- TASK TO CARRY OUT -
The data below contains pictures, which are to be skipped; the lines starting at the line with "This page can" and ending at the line with "Según constata el" are to be output exactly, both ends included.

- DATA PROVIDED -
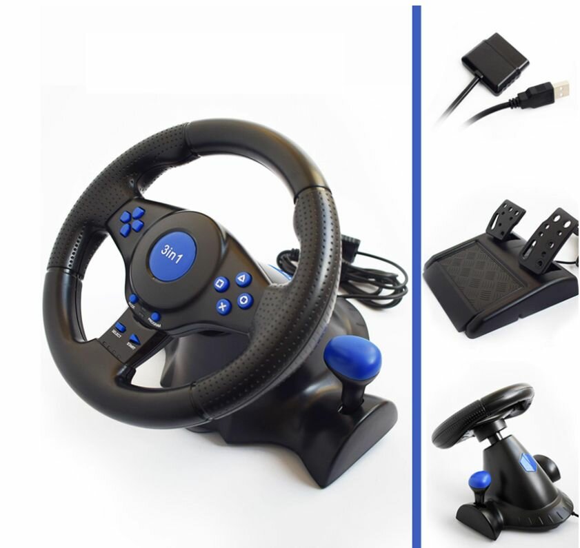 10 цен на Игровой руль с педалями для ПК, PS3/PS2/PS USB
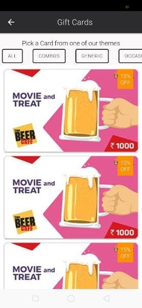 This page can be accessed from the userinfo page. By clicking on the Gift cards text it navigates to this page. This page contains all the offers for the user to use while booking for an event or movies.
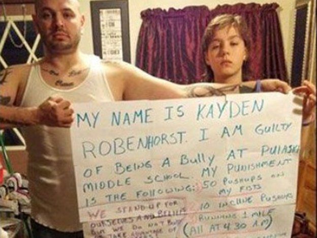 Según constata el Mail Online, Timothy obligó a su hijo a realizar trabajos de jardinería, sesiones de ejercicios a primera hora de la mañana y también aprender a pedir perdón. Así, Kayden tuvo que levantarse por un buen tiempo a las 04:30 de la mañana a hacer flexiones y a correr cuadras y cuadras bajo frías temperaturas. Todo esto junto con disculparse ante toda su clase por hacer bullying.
...
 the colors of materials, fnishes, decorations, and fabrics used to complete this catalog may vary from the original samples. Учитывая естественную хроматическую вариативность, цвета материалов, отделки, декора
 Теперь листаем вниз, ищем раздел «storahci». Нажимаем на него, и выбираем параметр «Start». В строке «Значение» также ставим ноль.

- RESPONSE TO THE TASK -
 This page can be accessed from the userinfo page. By clicking on the Gift cards text it navigates to this page. This page contains all the offers for the user to use while booking for an event or movies.
 Según constata el Mail Online, Timothy obligó a su hijo a realizar trabajos de jardinería, sesiones de ejercicios a primera hora de la mañana y también aprender a pedir perdón. Así, Kayden tuvo que levantarse por un buen tiempo a las 04:30 de la mañana a hacer flexiones y a correr cuadras y cuadras bajo frías temperaturas. Todo esto junto con disculparse ante toda su clase por hacer bullying.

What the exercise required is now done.